"""

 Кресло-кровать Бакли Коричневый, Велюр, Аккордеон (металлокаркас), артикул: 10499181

"""
"""

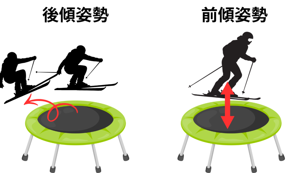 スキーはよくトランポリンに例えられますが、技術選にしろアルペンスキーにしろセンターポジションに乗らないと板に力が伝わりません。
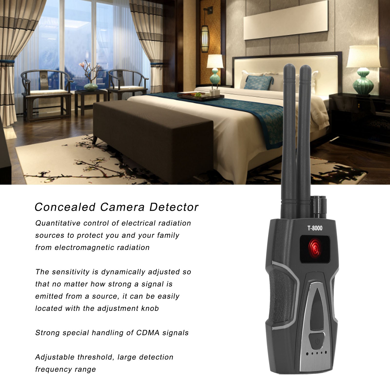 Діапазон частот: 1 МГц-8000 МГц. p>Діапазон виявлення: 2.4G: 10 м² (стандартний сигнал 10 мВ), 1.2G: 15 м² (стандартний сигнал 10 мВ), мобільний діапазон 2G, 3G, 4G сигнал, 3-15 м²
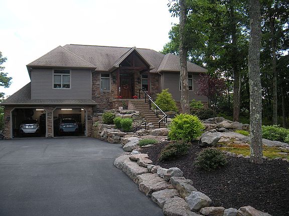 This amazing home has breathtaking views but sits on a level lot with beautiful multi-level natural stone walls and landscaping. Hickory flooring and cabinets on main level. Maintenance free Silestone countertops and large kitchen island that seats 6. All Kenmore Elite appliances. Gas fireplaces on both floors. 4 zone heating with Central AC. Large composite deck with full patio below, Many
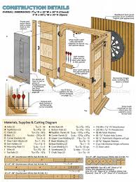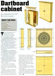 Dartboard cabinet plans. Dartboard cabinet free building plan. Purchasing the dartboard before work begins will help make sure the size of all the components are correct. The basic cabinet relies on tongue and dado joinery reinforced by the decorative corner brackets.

"""
"""

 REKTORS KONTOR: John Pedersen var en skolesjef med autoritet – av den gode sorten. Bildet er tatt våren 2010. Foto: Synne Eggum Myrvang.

"""

● Required action
The line holding "Діапазон частот: 1" starts the copy and the line holding "Dartboard cabinet plans." ends it. Repeat those two lines above and all between them exactly, leaving out pictures.

● Solution for this task
 Діапазон частот: 1 МГц-8000 МГц. p>Діапазон виявлення: 2.4G: 10 м² (стандартний сигнал 10 мВ), 1.2G: 15 м² (стандартний сигнал 10 мВ), мобільний діапазон 2G, 3G, 4G сигнал, 3-15 м²
 This amazing home has breathtaking views but sits on a level lot with beautiful multi-level natural stone walls and landscaping. Hickory flooring and cabinets on main level. Maintenance free Silestone countertops and large kitchen island that seats 6. All Kenmore Elite appliances. Gas fireplaces on both floors. 4 zone heating with Central AC. Large composite deck with full patio below, Many
 Dartboard cabinet plans. Dartboard cabinet free building plan. Purchasing the dartboard before work begins will help make sure the size of all the components are correct. The basic cabinet relies on tongue and dado joinery reinforced by the decorative corner brackets.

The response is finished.